It is apparent that the Abbott government would like to respond positively to Qantas’ urgent request for assistance. However, it is quite unsure and uncomfortable about the form that help might take.
Last week it was Joe Hockey who acknowledged Qantas was competing at a disadvantage to Virgin Australia and its troika of strategic shareholders. It is a contest that, for Qantas, might not be commercially sustainable.
In an interview today with a Brisbane radio station, Tony Abbott said he was open to changes to the Qantas Sale Act, which restricts foreign ownership of Qantas. But he was less than enthusiastic about suggestions that the government could acquire a shareholding in the national carrier or provide guarantees of its debt.
Abbott said: ‘’I’m not sure they really want to see a new government shareholding and the trouble with providing a government loan guarantee is, where does that stop? Once you start giving it to one business, why shouldn’t you give it to other businesses?’’
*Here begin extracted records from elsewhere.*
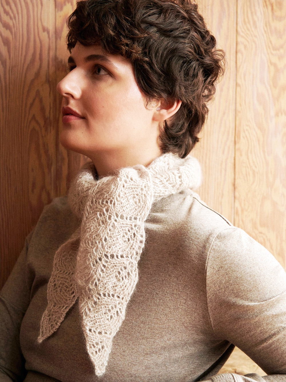 Strikk et lite skjerf som holder halsen varm, eller strikk det lengre så skjerfet også holder skuldrene varme. Mønsteret er fint på begge sider, og det er ikke vanskelig fordi det er bygd opp av rett og vrang masker med enkle fellinger og økninger.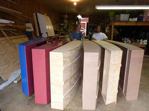 Here are the six newest hulls out of Indiana PA. The two finished ones are Ean Villemain's Eagle Scout project. Two of the others are a sailing club project at the local university. We launched six PDRs in Indiana last year. All told, John Bridges (in photo with G Smith, owner of the "boat shop") has helped get at least 40 or more built.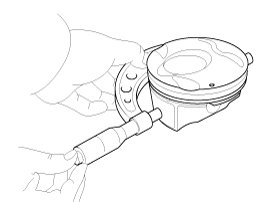 (1) Install the ring compressor, check that the bearing is securely in place, then position the piston in the cylinder, and tap it in using the wooden handle of a hammer.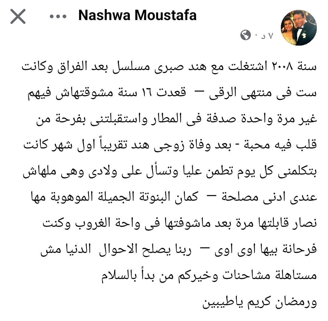 وأضافت: “بعد وفاة زوجى هند تقريبًا أول شهر كانت بتكلمنى كل يوم تطمن عليا وتسأل على ولادي وهى ملهاش عندى أدنى مصلحة — كمان البنوتة الجميلة الموهوبة مها نصار قابلتها مرة بعد ماشوفتها فى واحة الغروب وكنت فرحانة بيها اوى اوى — ربنا يصلح الأحوال، الدنيا مش مستاهلة مشاحنات وخيركم من بدأ بالسلام، ورمضان كريم يا طيبين”.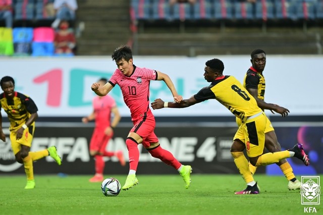 골문은 조현우가 지킨다. 최후방 포백은 우측부터 좌측으로 김태환·박지수·김영권·김진수가 위치한다. 중앙 두 명의 미드필더에는 백승호와 김진규, 2선 공격진에는 송민규·이동경·권창훈이 포진했다. 최전방 공격수에는 조규성이 낙점됐다.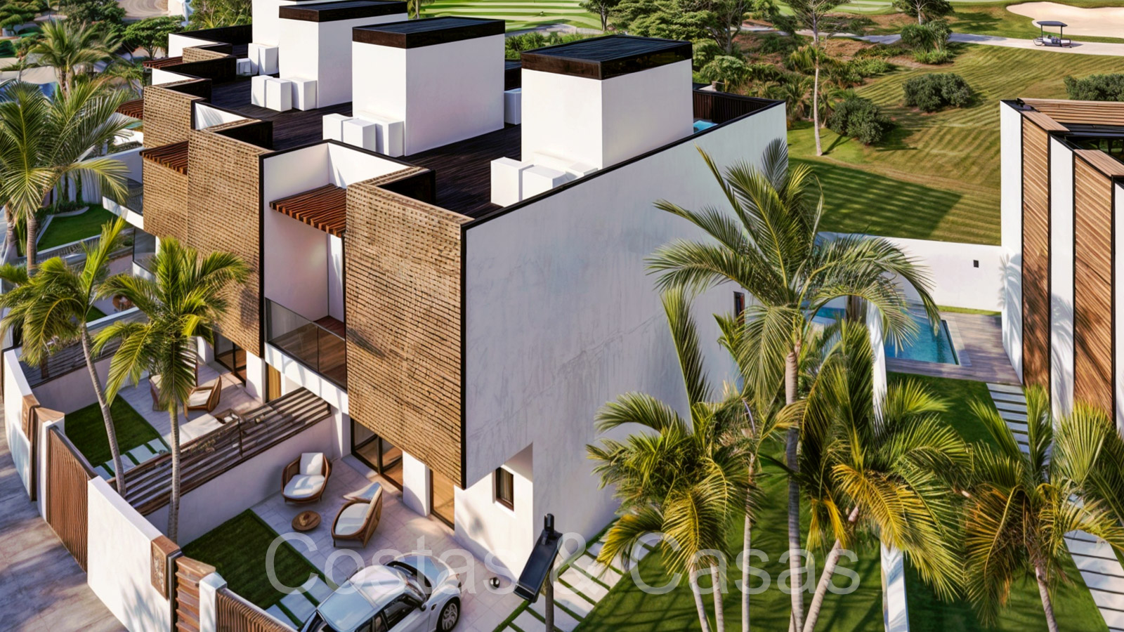 Maisons neuves et contemporaines à vendre, première ligne de golf à Estepona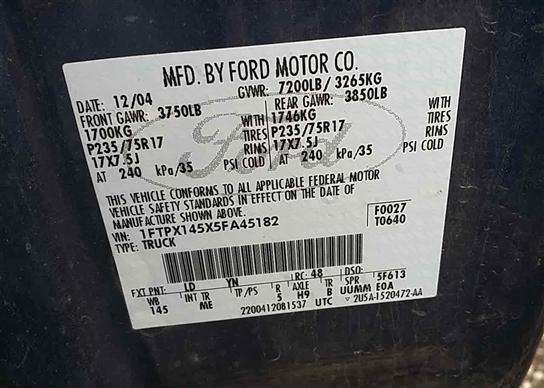 VIN: 1FTPX145X5FA45182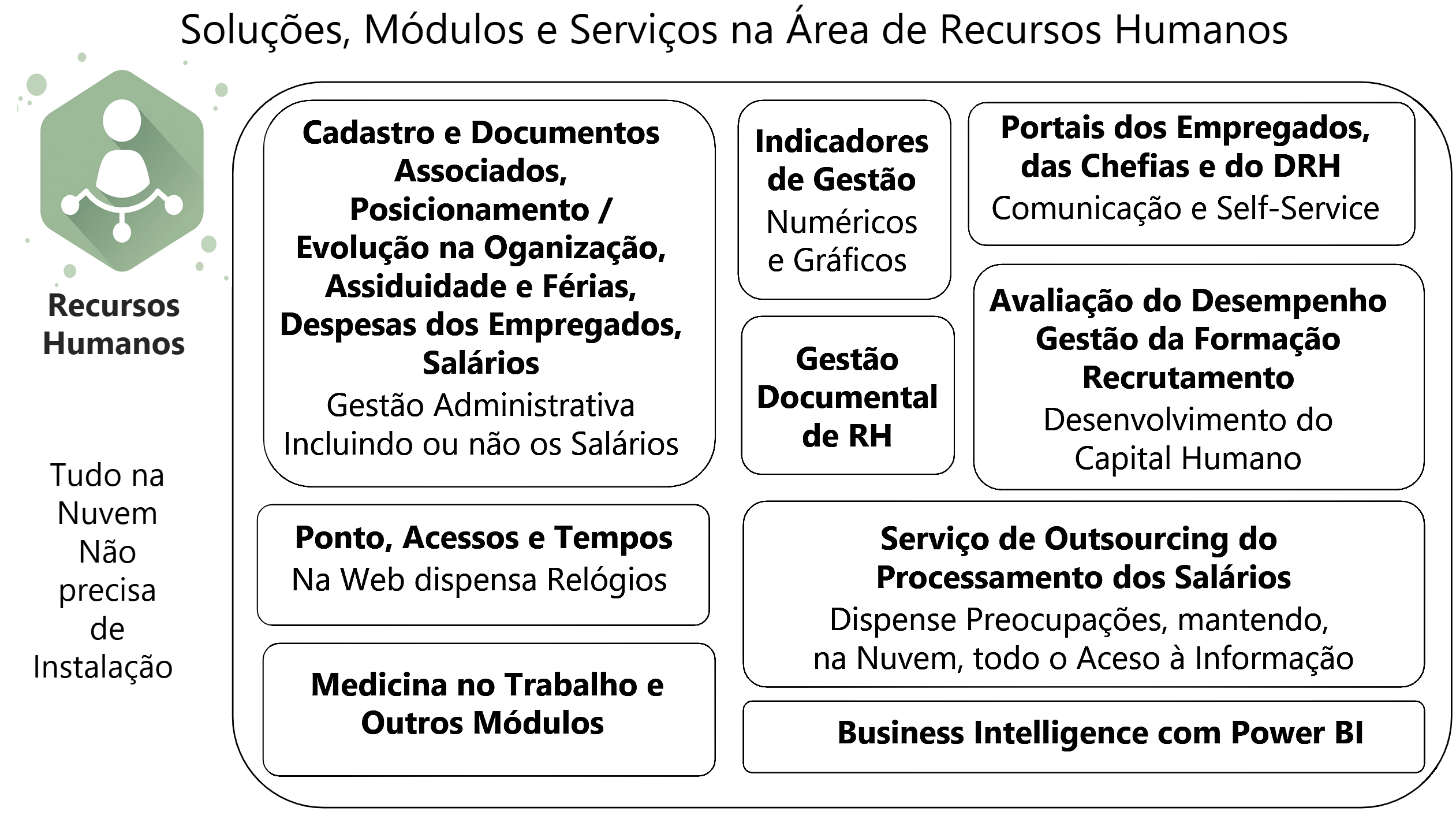 - Pack P400 para a Gestão Administrativa de RH, exceto Salários, incluindo Cadastro, Assiduidade, Férias, Indicadores de RH, Portais do Empregado, das Chefias e do Departamento de RH (Ver)

Virgin Australia has already put its hand up to say that it wants whatever Qantas might get.
Qantas would probably respond to the Prime Minister’s rhetorical question by saying that there is only one national flag carrier and only one company bound by the Qantas Sale Act, which contains not just restrictions on foreign ownership but board composition and where the majority of its operations are located. Qantas also has a special role in emergencies involving Australians abroad.
The Act underscores the national interest in the airline and could be used as justification for assistance.
While changes to the Act to lift the restrictions on foreign investment (limited to 49 per cent of the group with sub-caps of 35 per cent for investments by other airlines and 25 per cent for an individual airline) would appear the most politically palatable options, Abbott was right in saying there would have to be a community debate before that could be contemplated.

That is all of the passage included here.